Wunmi has been profiled in numerous media including UK’s Radio One, One Extra, BBC World Service, France’s Radio Nova, and in the US; National Public Radio, WCRW, BET J and the African Channel.
Now, back to her highly anticipated 2013 release. Wunmi has teamed with co-producers, Jeremy Mage and Kwame Yeboah. Kwame is known for his collaboration with Craig David and Afro funk legend Band Osibisa. He is a multi-instrumentalist, singer, songwriter, producer and composer.
Her influences for the tracks are wide – she draws as much from Kate Bush and Sade as she does from U.S. funk and soul. Of course, Wunmi draws on the Yoruba styling of Nigerian Afrobeat, highlife and juju. Behind the trademark Wunmi grooves, she tackles difficult issues. There are tracks exploring the alienation of living away from home, the stark choices faced by those who fall outside of the system and the indifference of governments.

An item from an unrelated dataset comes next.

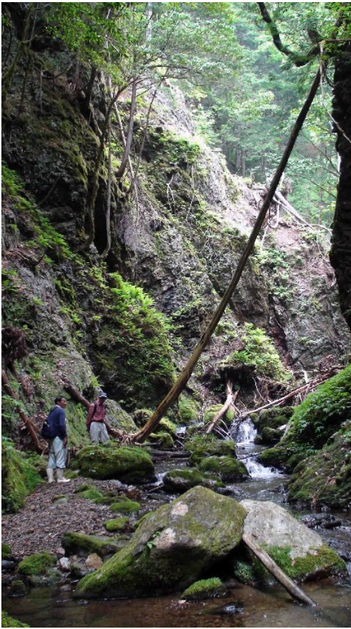
このあたりで川を離れ、左側の崖をよじ登って昔の林道へ出て帰りました。

昔は奥まで林道が整備されていて、切り出した材木を積んだ4トントラックが走っていたのですが、誰も通らなくなりました。今は、崩れてきた土砂が積もって林道がほとんど形も分からなくなっています。奥へ行くにつれて、兩岸はそ

It is Wunmi – from the heart and her artistry. It represents some of her best work and solidifies Wunmi’s solid dance music pedigree. This is not African music, world music or any other genre. This is Wunmi’s world and there is nowhere else quite like it. Listen for music which evokes her physical and spiritual pilgrimage back to Africa and the evolving richness of her mosaic.